Convair B-36B Peacemaker
The B-36B was the first full scale production version, using R-4360-41 Wasp Major engines that had an extra 500hp each over the engines used in the B-36A. It had better performance, a bigger bomb load, better equipment and could operate from shorter runways than the B-36A.
The B-36B was also armed from the start. Its 16 20mm cannons gave it the most formidable armament of any warplane. The guns were mounted on platforms that retracted into the fuselage when not in use.
The endurance and bomb capacity of the B-36B was demonstrated by some of its test flights:
On 5 December, 1948, a 4275-mile, 14-hour mission at 40,000 feet with an average cruise speed of 303mph.
An 8000-mile plus, 35 and-a-half-hour simulated bombing run, with 10,000lb bombload from Carswell AFB to Hawaii on 7-8 December, 1948.
A pair of 42,000lb bombs were lifted on 29 January, 1949 from Muroc AFB; one was dropped at 35,000 feet, the other at 40,000 feet.
A 9600-mile flight, 5000 miles of which carrying 10,000lb of bombs, in 43 hours 37 minutes in March 1949.
However, problems with the armaments and other complex systems, combined with parts shortages, meant that some B-36Bs were cannibalised to keep others flying. Full operational status was not achieved until 1952.
64 of the 73 B-36Bs built were redesignated B-36Ds when they got turbo jet engines added to them.
Convair B-36D Peacemaker
In order to address critics' concerns that the B-36 was too slow and needed too long a runway, Convair added two pairs of General Electric turbo jets to the plane for short bursts of speed over targets and at takeoff. These engines were mounted in pods at the wing tips. These B-36s, designated B-36D had a top speed of 435mph over target, and reduced the takeoff runway needed by 2,000 feet.
Sixty-four of the B-36B aircraft were converted to B-36Ds, and another 26 were built from scratch.

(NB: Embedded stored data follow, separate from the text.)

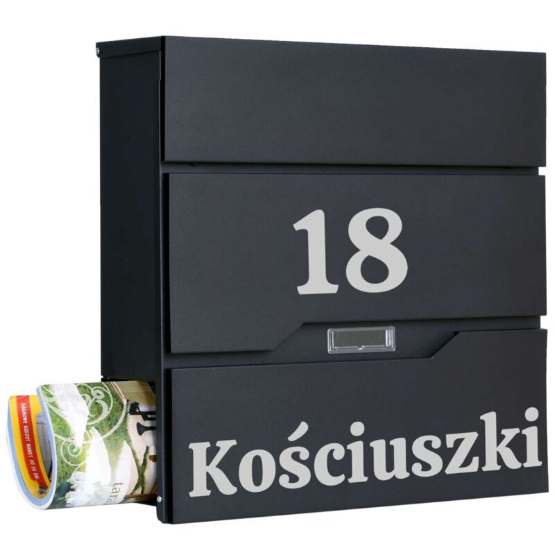 Cassetta postale nera Vidar con iscrizioni Colore: nero Pratica cassetta postale in acciaio zincato, verniciata a polvere. Uno stile moderno e senza tempo che non può essere ignorato. Oltre alle sue funzioni di base, la scatola sarà gradevole alla vista e farà invidia ai tuoi vicini! Realizzato con materiali di alta qualità e resistenti agli agenti atmosferici, grazie ai quali tutta la corrispondenza è molto ben protetta. Prodotto personalizzato Possibilità di realizzare qualsiasi iscrizione: numero civico, ragione sociale, cognome, via, ecc. L'iscrizione è realizzata utilizzando la pellicola per plotter Oracal, resistente agli agenti atmosferici. La pellicola è di colore argento. Caratteristiche del prodotto: Finestra per indirizzo: 6 x 2 cm. Distanza dei fori di montaggio: 23 x 17 cm. Dimensioni dell'apertura per le lettere: 33 x 3,5 cm. Resistente agli agenti atmosferici installazione esterna Con serratura, 2 set di chiavi inclusi e un kit di montaggio Spazio per giornali e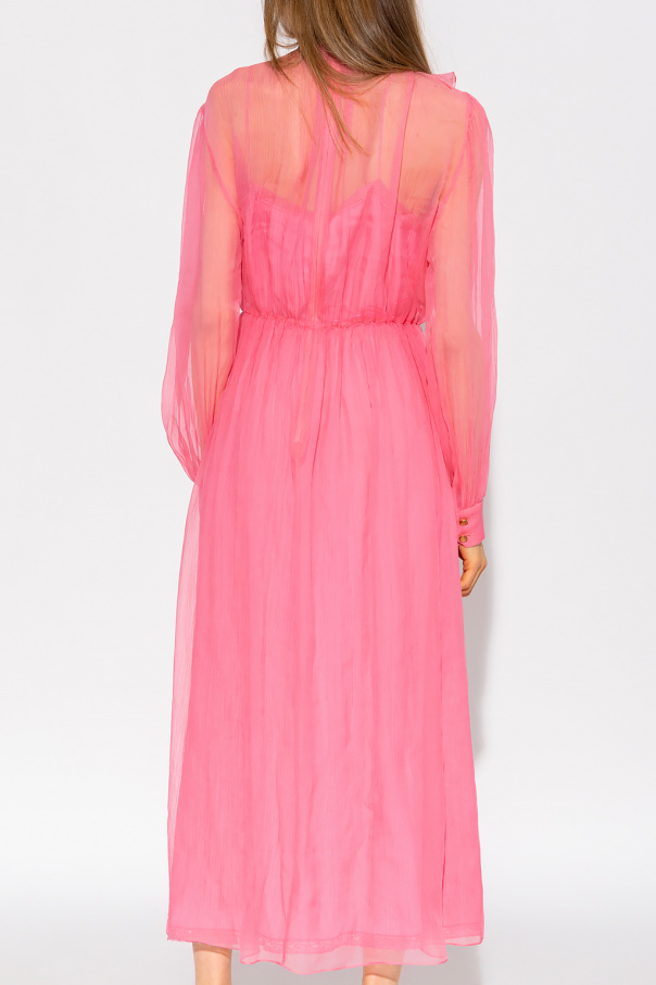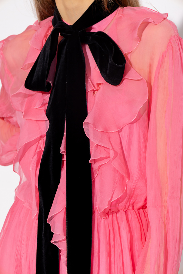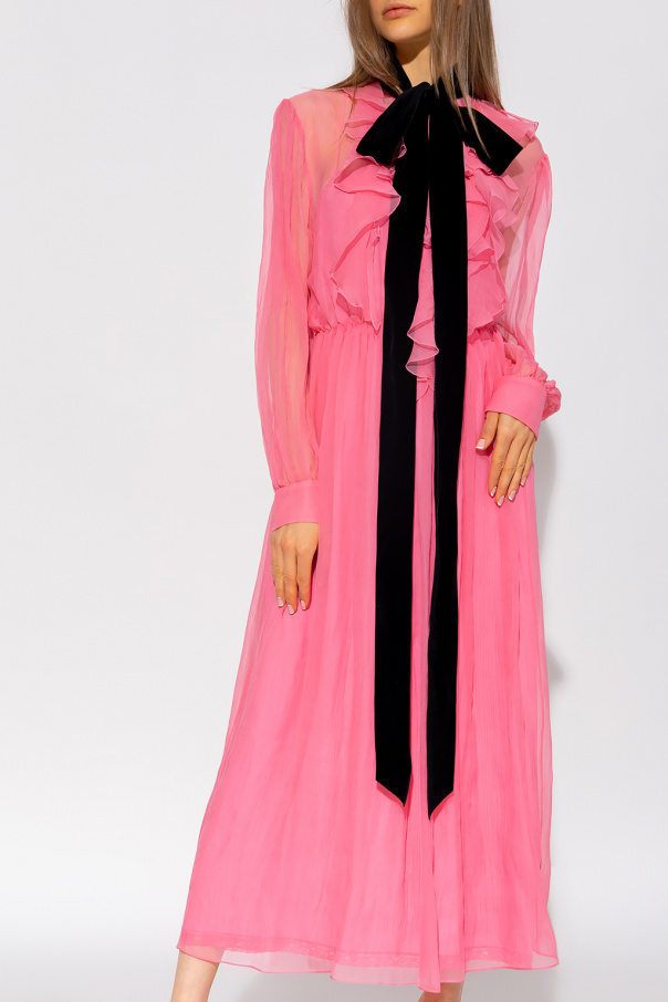 Pink ruched dress from Gucci. Made of silk, this design features a back zip, stand collar with buttons, decorative velvet tie and long sleeves with button cuffs.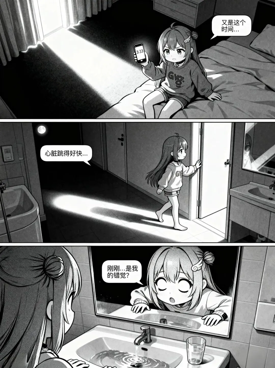 镜中人这才仓促跟上动作,同步如常,仿佛刚才那诡异的滞留,只是水汽氤氲下的错觉。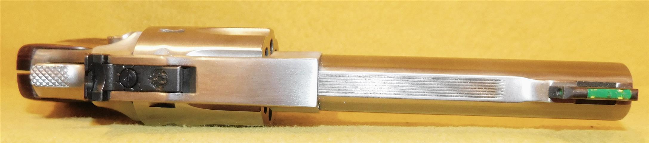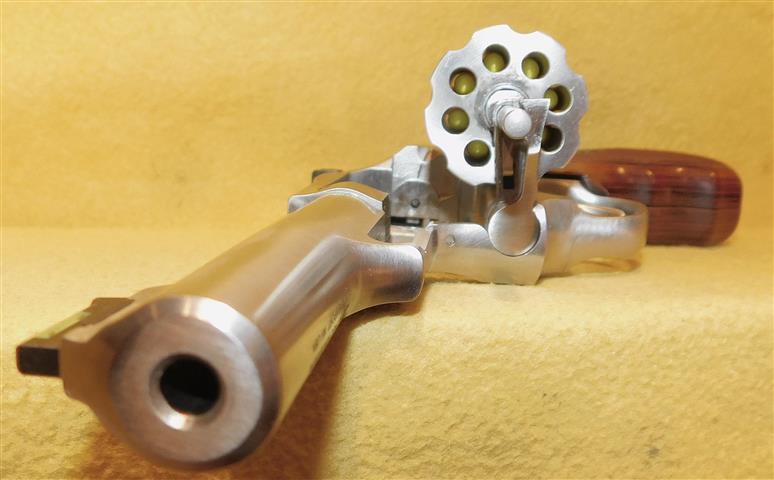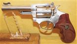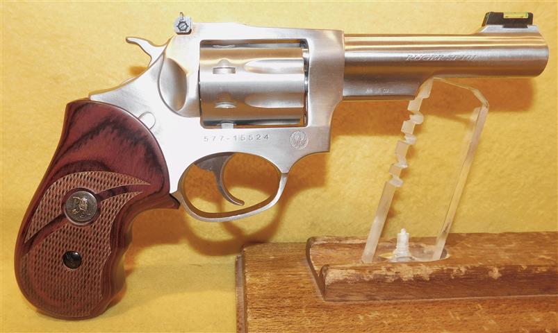 RUGER SP101 IN .22 L.R. CAL., WITH 4" BARREL. COLOR STAINLESS STEEL. CONDITION 98%+ LIKE NEW UNFIRED. SERIAL NUMBER 577-15524. RUGER MODEL SP101 (EIGHT SHOT) IN .22 L.R. CALIBER, MIRROR BORE, PACKMYER ROSE WOOD GRIP EXCELLENT, FIBER OPTIC FRONT SIGHT, 98%+ LIKE NEW UNFIRED CONDITION, OUR STOCK # D8269. OUR OLD STOCK # YA16172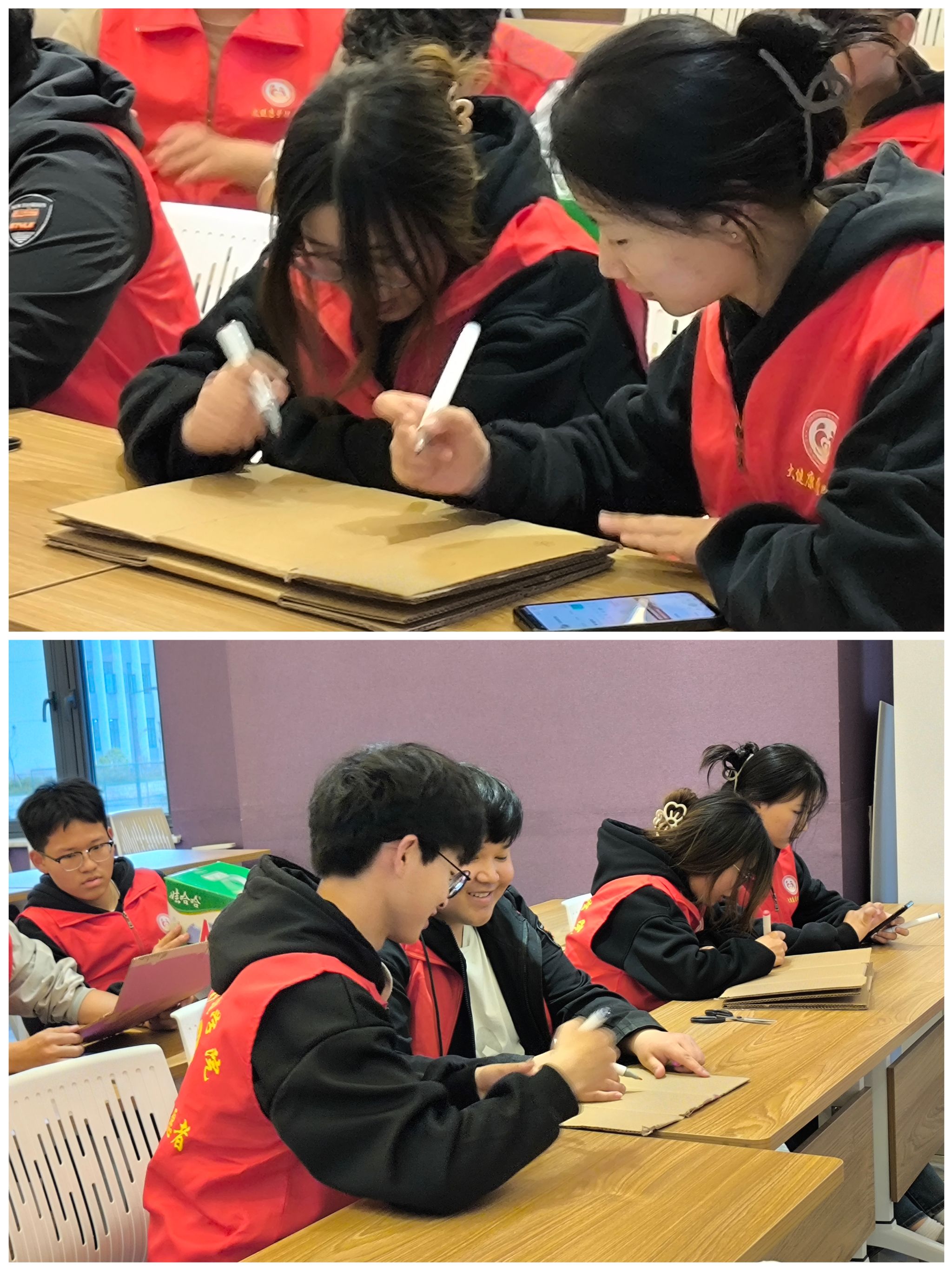 勤俭节约和绿色低碳的结合,是大家对美好生活的追求。通过此次志愿活动,志愿者们用实际行动向大家展示了日常生活中的废旧纸壳可以如何处理,提高了志愿者的动手能力和解决问题能力。志愿者们用心进行废旧纸壳的文化创造,剩下的废纸壳边角料也统一扔进可回收垃圾箱内。从中大家可以以小见大,这对传承和发扬勤俭节约的美德、创造绿色低碳的校园都具有重要意义。它们将助力我们走向一个更加绿色、更加和谐的世界。让我们一起为地球家园贡献一份力量!

The B-36D could carry 86,000lb of bombs, a record not equalled until the modified 'Big Belly' B-52Ds in service during the Vietnamese war.
The first B-36s to fly outside of US territory were six B-36Ds that flew to RAF Lakenheath in the UK in January 1951. In the late summer of 1953, the 92nd Heavy Bombardment Wing made a mass flight to the Far East, mainly to prove that the US was still willing to maintain operations after the end of hostilities in Korea. The 92nd were the first wing to be fully deployed overseas, departing for 90 days in Guam in October 1953.
Despite its massive size, the B-36D could fly on just three piston engines during a cruise, with the others shut down.
Some B-36Ds were stripped of armaments and crew comfort, with crew reduced by two. These Featherweight5 B-36Ds could reach altitudes about 50,000 feet.
Twenty-four photo-reconnaissance versions of the B-36D were made, the RB-36D. These had 14 cameras, 80 flash bombs, ECM6 equipment and an extra fuel tank taking up the bomb bays. The crew was increased to 22, including a photo technician who could develop the camera films in the plane's dark room. The extra fuel gave it a 50-hour endurance.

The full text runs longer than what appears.